仁王はそういうと唯智の頭に手を伸ばした。


「ごめんな?」


そう静かに言うと髪を優しく撫でた。

唯智は安心して、安堵のため息を吐いた。

「ゆっくりで良いから、おまえさんの気持ちや考えとうこと…教えてくれん?」


唯智はコクンと頷き、身を起こそうとした。

しかし折れた肋骨が痛み、顔を歪めた。


「そのままでよかよ?」

『すいません、』

「無理しちょるとほかの部分にも影響が出る……て、なに笑っとう?」


仁王は嬉しそうに微笑む唯智を見て額にデコピンをお見舞いした。


『先生が元に戻ったから…』


自分の行動一つで彼女の表情が変わることを理解した仁王は二度と同じ過ちはしないと誓った。

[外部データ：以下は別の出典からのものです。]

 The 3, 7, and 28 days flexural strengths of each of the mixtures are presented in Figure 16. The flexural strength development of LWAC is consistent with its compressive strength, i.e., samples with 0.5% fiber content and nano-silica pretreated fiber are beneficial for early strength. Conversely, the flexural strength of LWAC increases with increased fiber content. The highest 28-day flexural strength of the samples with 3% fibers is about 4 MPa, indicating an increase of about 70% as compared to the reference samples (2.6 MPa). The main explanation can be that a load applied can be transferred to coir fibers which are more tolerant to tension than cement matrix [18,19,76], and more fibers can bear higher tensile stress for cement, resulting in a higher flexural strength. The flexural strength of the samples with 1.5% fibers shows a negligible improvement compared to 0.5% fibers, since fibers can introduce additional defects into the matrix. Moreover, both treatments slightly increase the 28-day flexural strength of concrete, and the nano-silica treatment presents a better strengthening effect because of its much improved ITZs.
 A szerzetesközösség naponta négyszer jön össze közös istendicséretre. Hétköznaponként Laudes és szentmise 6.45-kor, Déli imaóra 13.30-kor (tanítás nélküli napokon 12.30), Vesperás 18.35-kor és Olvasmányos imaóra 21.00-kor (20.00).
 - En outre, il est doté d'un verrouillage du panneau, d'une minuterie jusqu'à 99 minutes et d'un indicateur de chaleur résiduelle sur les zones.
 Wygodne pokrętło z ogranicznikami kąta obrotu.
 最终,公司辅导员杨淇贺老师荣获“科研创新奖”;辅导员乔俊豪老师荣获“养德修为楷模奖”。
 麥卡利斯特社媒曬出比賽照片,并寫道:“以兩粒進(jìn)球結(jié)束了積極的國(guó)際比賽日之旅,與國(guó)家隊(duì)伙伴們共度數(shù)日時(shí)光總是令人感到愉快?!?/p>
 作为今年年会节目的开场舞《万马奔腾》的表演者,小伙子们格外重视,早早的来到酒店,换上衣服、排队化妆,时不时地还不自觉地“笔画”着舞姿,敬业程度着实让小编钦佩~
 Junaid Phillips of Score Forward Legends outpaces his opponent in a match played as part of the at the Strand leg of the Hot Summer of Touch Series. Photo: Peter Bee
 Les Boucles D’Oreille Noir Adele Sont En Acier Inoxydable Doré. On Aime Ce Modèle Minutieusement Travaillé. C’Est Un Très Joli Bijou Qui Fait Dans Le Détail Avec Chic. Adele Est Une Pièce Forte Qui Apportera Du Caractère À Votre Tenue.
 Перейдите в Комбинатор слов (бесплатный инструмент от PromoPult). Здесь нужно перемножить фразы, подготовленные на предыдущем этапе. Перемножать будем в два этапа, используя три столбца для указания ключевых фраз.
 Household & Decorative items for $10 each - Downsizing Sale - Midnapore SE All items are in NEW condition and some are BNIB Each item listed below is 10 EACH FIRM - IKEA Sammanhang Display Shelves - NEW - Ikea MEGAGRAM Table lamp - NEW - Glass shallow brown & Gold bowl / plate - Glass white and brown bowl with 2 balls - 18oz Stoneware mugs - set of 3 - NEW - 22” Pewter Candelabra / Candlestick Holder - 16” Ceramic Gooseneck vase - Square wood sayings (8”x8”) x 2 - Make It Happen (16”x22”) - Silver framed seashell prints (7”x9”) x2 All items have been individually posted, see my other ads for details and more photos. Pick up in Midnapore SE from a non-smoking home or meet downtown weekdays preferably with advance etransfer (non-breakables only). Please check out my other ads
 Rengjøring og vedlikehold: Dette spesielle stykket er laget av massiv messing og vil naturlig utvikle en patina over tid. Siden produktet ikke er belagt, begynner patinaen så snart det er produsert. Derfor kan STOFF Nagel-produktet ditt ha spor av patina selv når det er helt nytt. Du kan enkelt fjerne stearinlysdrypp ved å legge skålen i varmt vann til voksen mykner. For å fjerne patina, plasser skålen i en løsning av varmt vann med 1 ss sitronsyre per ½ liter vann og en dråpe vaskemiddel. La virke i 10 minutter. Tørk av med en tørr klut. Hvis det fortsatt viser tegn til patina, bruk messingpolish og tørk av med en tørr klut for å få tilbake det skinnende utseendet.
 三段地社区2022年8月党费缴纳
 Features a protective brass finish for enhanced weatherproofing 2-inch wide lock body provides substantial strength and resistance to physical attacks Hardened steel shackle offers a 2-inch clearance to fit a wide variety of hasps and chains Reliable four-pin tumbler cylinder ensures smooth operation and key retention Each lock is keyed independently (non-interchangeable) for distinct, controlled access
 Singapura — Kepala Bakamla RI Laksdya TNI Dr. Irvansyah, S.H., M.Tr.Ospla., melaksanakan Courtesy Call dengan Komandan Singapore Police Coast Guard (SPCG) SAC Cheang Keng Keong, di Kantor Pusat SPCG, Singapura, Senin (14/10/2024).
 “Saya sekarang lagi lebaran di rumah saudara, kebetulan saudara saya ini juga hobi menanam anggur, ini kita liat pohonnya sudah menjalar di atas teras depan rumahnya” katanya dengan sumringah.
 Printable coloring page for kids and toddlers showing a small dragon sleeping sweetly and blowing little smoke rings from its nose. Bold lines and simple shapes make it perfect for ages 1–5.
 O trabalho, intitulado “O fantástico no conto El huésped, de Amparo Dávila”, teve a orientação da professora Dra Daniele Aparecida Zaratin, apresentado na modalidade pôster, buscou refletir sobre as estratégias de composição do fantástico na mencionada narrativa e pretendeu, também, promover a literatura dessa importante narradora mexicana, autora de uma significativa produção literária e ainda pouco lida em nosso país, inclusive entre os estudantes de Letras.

『あれから授業の担当が変わったから私、嫌われたと思ってたんです。』

「……………」

『本当は先生に迷惑かけたくなかっただけで……』

「それはどういう意味なん?」

『あ、や…』


口を滑らせたと気づき、慌てて言葉を濁す唯智。

しかし、仁王にそんなことが通用するとは思えない。


「言うまで帰らんからな。」


一度気になると話を把握するまでうるさいタイプの仁王は本気だろう。

唯智は困るに困り、降参すると仕方なく口を割った。


『先生はモテるから…』

「は?」

『周りにはファンの生徒たちがいっぱいいるから迷惑かけたくなくて。』

「ファンと唯智がなにか関係あるん?」

『私にばかりかまってたら生徒が僻(ひが)みますよ?かまってくれない、って。』

「そんなんは知らん。俺がだれといようが俺ん勝手じゃき。」

『でも……』


目を伏せた唯智を見て真剣に考えてくれていたんだな、と感じ取ると仁王は嬉しかった。


「だからおまえさん、夜の散歩に出てこんくなったんか…」

『……………』

「社宅に住んでること忘れとうよ?唯智は教師たちとしょっちゅう関わるから生徒に妬まれんように社宅に入れちょるん。気にしなさんな。」


どこか腑に落ちないと言った表情の唯智に仁王はさらに言った。


「これからは俺が頼む。」

『?』

「夜、散歩に付き合うてくれんか?」

『…え?』

「もう一回言わせる気なんか?これからは俺の散歩に付き合うてくれん?」

『でも、なんで…』

「一緒に月の下歩くなら唯智がいいん。ただそれだけ。そんな理由じゃ納得してくれんか?」

そう少し不安の色を見せた仁王に唯智は慌てて首を横に振った。


『私でよければ!』

「よかった。」


仁王は誤解も解けて安心し、少しずつ唯智に歩み寄ることにした。


「唯智が授業できるくらい復帰したら数学の授業は俺が受け持っちゃる。」

『はい、お願いします!授業は今からでもできるくらい元気ですよ?』

「しばらくは安静にしときんしゃい。」


二人はお互いに微笑んでいた。

そんな様子を見て、跡部が面白がるわけがなかった。


「じゃあ、また来るな。」

『あ、はい。ありがとうございました。』


仁王は唯智にヒラヒラと手を力なく振ると保健室を後にした。

それを狙っていた跡部はすかさず唯智に近寄った。


「唯智、」

『あ、跡部先生。さっきは助けてくださり、ありが「仁王はやめとけ。アイツは危険人物だから近づくな。」


そう唯智の言葉を遮り、確信のない忠告をすると跡部は姿を消した。